Britanya’nın önde gelen gazetelerinden The Guardian’ın deneyimli yazarı Simon Tisdall, ABD’yle Türkiye arasındaki İncirlik anlaşmasının ‘oyunun kurallarını değiştiren‘ bir mutabakattan fazlası olduğunu yazdı. Tisdall, Erdoğan’ın artık zayıflayan bir figür olduğunu belirterek Suruç katliamının IŞİD’le mücadelede bir kırılma noktası olduğuna işaret etti.
Ankara’nın henüz net bir açıklama yapmamasına rağmen Amerikalı yetkililere göre Türkiye’yle ABD, Amerikan uçaklarının İncirlik Üssü’nü kullanarak IŞİD’e karşı hava operasyonları düzenlemesi için anlaşmaya vardı.
Diken.com.tr'nin haberine göre, ancak Simon Tisdall’a göre bu anlaşma sadece İncirlik Üssü’yle sınırılı kalmayacak: “Anlaşma Türkiye’deki hükümet raporlarına göre koalisyon uçaklarının ‘acil’ durumlarda Batman, Diyarbakır ve Malatya gibi kentlerdeki üslerin ve Türkiye hava sahasını kullanmasını da öngörüyor.”
ABD Başkanı Barack Obama’yla Cumhurbaşkanı Tayyip Erdoğan’ın telefon görüşmesinde Türkiye’nin ısrarcı olduğu Suriye sınırındaki ‘uçuşa yasak bölge ve tampon bölge‘ konularının da gündeme geldiğini ifade eden Tisdall, “Türk tarafındaki haberlere göre resmi bir açıklama yapılmamasına rağmen ABD bu istekleri sessizce kabul etti” diye yazdı.
ABD görmezden gelecek
‘Uçuşa yasak bölge‘ anlaşmasıyla Suriye rejiminin sınır ihlali yapan uçaklarının Türkiye tarafından vurulabileceğine işaret eden Tisdall, ayrıca gelecekte Türkiye’nin başta PYD olmak üzere Suriyeli Kürtlere yönelik olası bir operasyonunun da ABD tarafından ‘görmezden gelineceğini‘ savundu.
Deneyimli analist, tüm bunlara ek olarak Türkiye’nin Suriye sınırında ekstra önlemler alacağını ve Batı Şeria duvarı gibi bir set çekme hazırlığında olduğunu belirtti.

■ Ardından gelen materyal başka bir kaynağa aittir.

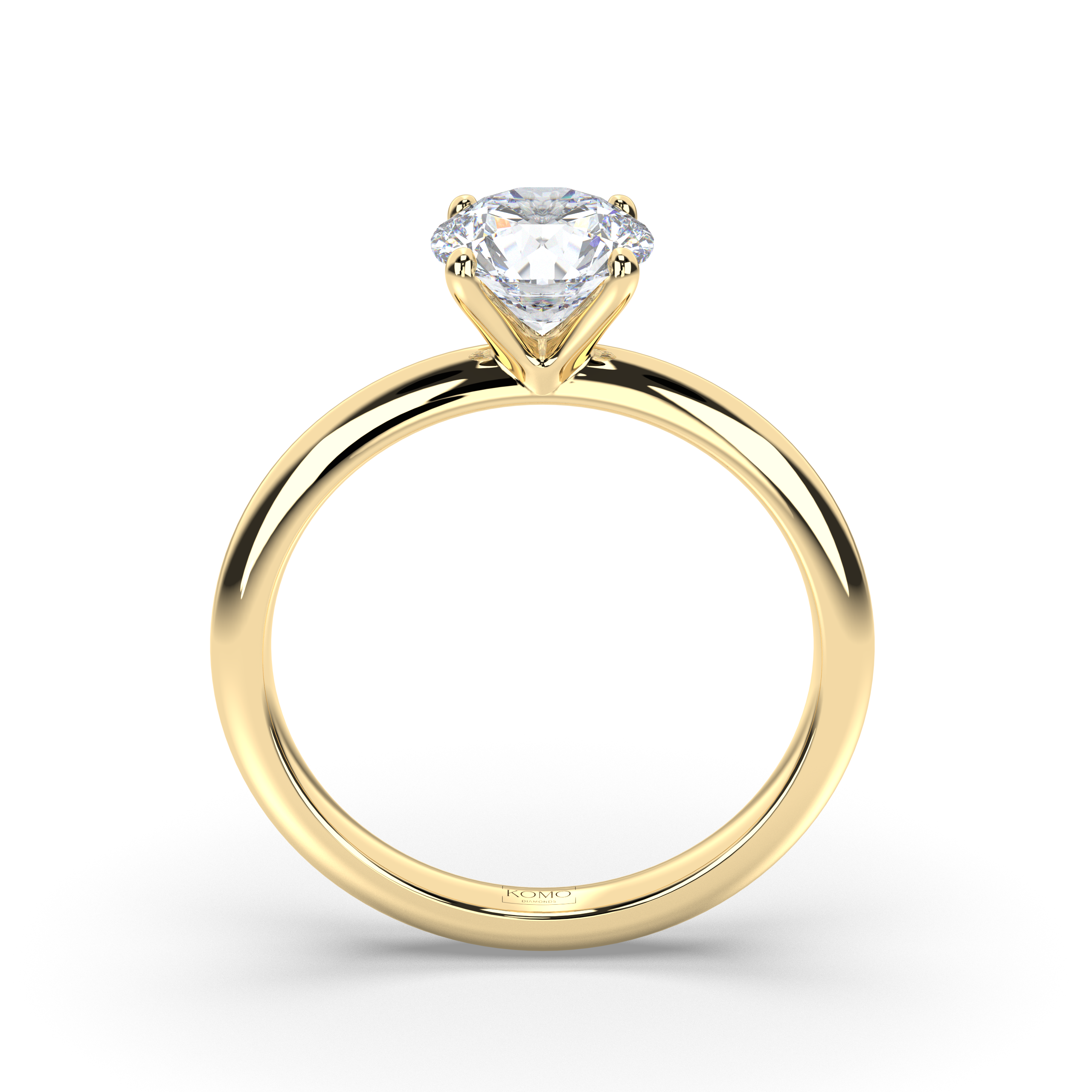 The design celebrates celestial minimalism with its unique cushion-shaped mounting that frames the round brilliant while maintaining clean, geometric lines. The four-prong setting elevates the diamond in an airy basket, allowing maximum light to flow through from every angle while the soft corners of the cushion mounting add subtle sophistication to the classic round stone.

Yazıda bu sayede özellikle Avrupa’dan gelen yabancı savaşçıların IŞİD’e katılmasına engel olmak için tedbirlerin artırıldığı vurgulandı.
Erdoğan buna mecbur kaldı
Öte yandan Tisdall, Obama’nın Erdoğan’ı aramak için zamanlamasını çok iyi seçtiğini de belirtti, “Geçen pazartesi IŞİD’in inthar bombacısı Suriye sınırındaki Suruç’ta saldırdı. Bunun üzerine IŞİD’e verilmesi gereken cevap konusunda Erdoğan’ın üzerindeki baskı arttı” yorumunu yapan Tisdall, Erdoğan’ın Musul’daki rehine krizinden bu yana Kürtler üzerinde yoğunlaştığını, Kobani’ye yardım etmeyi reddettiğini ve yabancı savaşçıların Türkiye sınırından IŞİD’e katılmasına engel olmadığını vurguladı.
Bu süreçte Erdoğan’ın otoriter ve neo-İslamcı liderlik tarzı, insan hakları ve basın özgürlüğüne saldırıları ve ABD’nin müttefiki İsrail’e karşı düşmanca tavrı nedeniyle Türkiye’nin yardım taleplerinin Washington tarafından hoş karşılanmadığını da ifade eden Tisdall, “Ancak seçimlerde başkanlık girişiminin halk tarafından geri püskürtülmesinin ardından Erdoğan bugünlerde zayıflayan bir figür” yorumunu yaptı.
Suruç kırılma noktası oldu
“Erdoğan’ın telafi etmesi gereken birçok şey vardı” diyen Simon Tisdall, “Suruç’un bombalanması radikal bir şekilde yeniden düşünülmesi gerektiğini ortaya koydu. Erdoğan ne yapacağı konusunda düşünürken Obama’nın telefonunun zamanlaması mükemmeldi” ifadelerini kullandı.